7. Listen for it.  Sometimes we tune out other people’s observations or advice because it sounds like criticism. But sometimes another person’s perspective can be invaluable. Writer Amy Skalicky related that “a friend, who had the professional knowledge to do so, shared with me years ago that she observed in my daughter sensory processing issues. I had no idea at the time, and afterwards, I realized that a number of people had made the same observations, but did not have the courage to say something to me. …At any rate, I appreciate this lady to this day, for it spawned a completely different view of my daughter and myself as her mother.”

8. Pay (a little) for it.  My 12-year-old daughter Lelia really wants to earn money so she she can pay her half of her cell-phone bill. I offer Lelia a few dollars an hour to be a mother’s helper and watch my 3-year-old while I’m nearby taking care of the other kids or doing something else. It frees up my time, and gives my daughter a chance to learn responsibility and earn money.

9. Close the bathroom door.  For those of you who go to the bathroom with the door open to maintain constant availability to your kids (you know who you are), shut it. My friend Sharon says she leaves her children sitting on the floor in the hallway staring disconsolately at the bathroom door. She still won’t let them in. Sometimes mommy guilt can be taken too far.

10. Flash back to a simpler time.  Remember your own childhood without car seats, bike helmets, electrical outlet covers, and a million other safety devices? You’re still here, aren’t you? There’s a fine line between being safety-conscious and being safety-obsessed. If you ever start to panic, remember “what our parents did wasn’t so bad,” advised writer April Carvelli.

11. Think out of the box.  If it’s too difficult or expensive to arrange for a night-time date with your husband, arrange a breakfast date instead, recommended Lauren from G+.  Drop the kids off at school or day-care and go in to work an hour or two late, if your employer won’t mind. Or if your parents are visiting or live in the area, ask them to watch the kids a few hours on a weekend morning, just because.

12. Give in to your kids.  If you automatically respond “no” to virtually any request by your kids, try saying “yes.” It may totally change the way they relate to you. Once I was so sick with the stomach flu that I could barely get off the couch, so I let the kids eat Twizzlers for breakfast and watch tv all day. They remember it fondly as the day mommy “just gave up.” And surprisingly, they didn’t start to expect Twizzlers for breakfast every day.
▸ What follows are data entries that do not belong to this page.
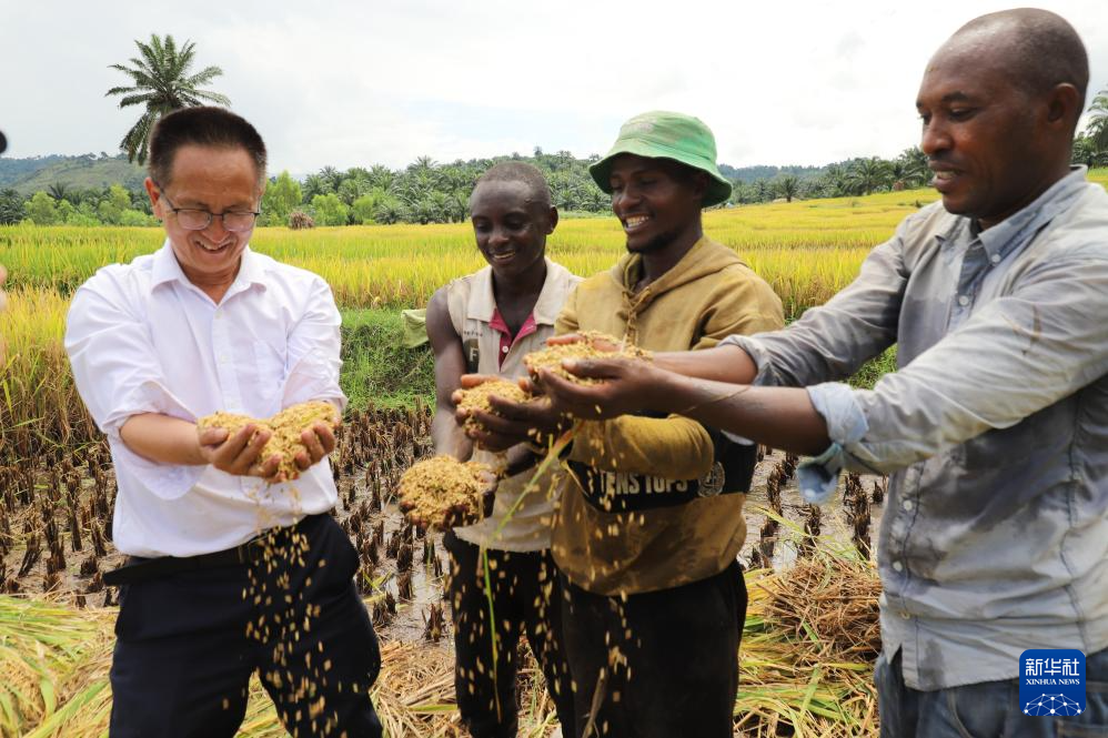 3月25日,在布隆迪布琼布拉省姆潘达县,中国援布农业专家组组长杨华德(左一)和当地农业技术员麦乐斯(右一)、附近农户们查看稻粒。
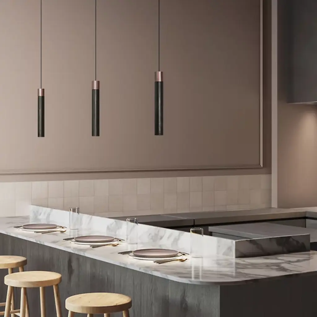 David Pompa celebrates Mexican artisanship and the beauty in imperfect materials with the barro negro-style Minimal LED Mini Pendant from kdln. Translating from Spanish to 'black mud,' barro negro is an age-old style of pottery where clay achieves its rich, dark hue through smoke and heat. Using this technique, a rich, dark cylindrical housing is achieved, one sporting subtle, elegant striations that are distinct. Its metal end cap adds a punch of contrasting shine. It hangs beautifully with a minimal wire suspension. While on, the light funnels through the barro negro cylinder, casting a pool of soft downlight.
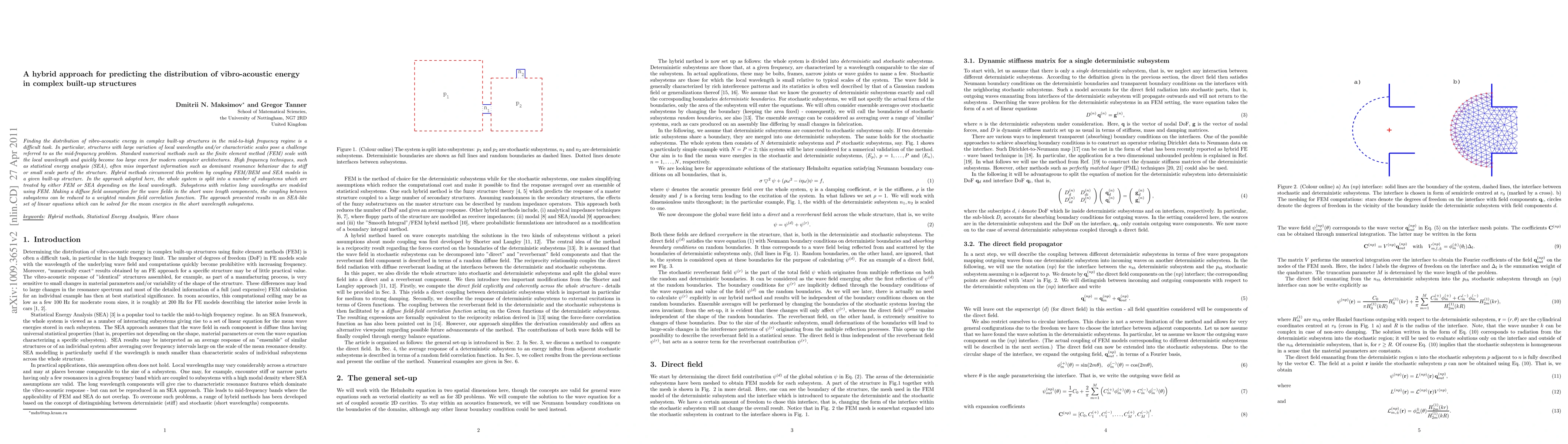 Finding the distribution of vibro-acoustic energy in complex built-up structures in the mid-to-high frequency regime is a difficult task. In particular, structures with large variation of local wavelengths and/or characteristic scales pose a challenge referred to as the mid-frequency problem. Standard numerical methods such as the finite element method (FEM) scale with the local wavelength and quickly become too large even for modern computer architectures. High frequency techniques, such as statistical energy analysis (SEA), often miss important information such as dominant resonance behaviour due to stiff or small scale parts of the structure. Hybrid methods circumvent this problem by coupling FEM/BEM and SEA models in a given built-up structure. In the approach adopted here, the whole system is split into a number of subsystems which are treated by either FEM or SEA depending on the local wavelength. Subsystems with relative long wavelengths are modelled using FEM. Making a diffuse field assumption for the wave fields in the short wave length components, the coupling between subsystems can be reduced to a weighted random field correlation function. The approach presented results in an SEA-like set of linear equations which can be solved for the mean energies in the short wavelength subsystems.

13. Organize a little.  You’ve heard it a million times, because it’s true. Organization really makes everything run more smoothly and easily. But organizing everything might be out of your league right now. So organize a little. Spend 15 minutes organizing one drawer. Or commit to accomplishing just one thing a day beyond your normal household chores — returning one phone call or making one doctor’s appointment. Slow progress is still progress. You’d be amazed how it adds up.

14. Organize a lot.  If you’re desperate for a major over-haul and willing to invest the time and effort to make it happen, have I got a book for you. A Mother’s Rule of Life by Holly Pierlot gives you step-by-step instructions for organizing every aspect of your life. Scheduling things at the optimal time makes them happen more quickly and with less hassle. The pay-off is huge.


So, go out there and get the help you need!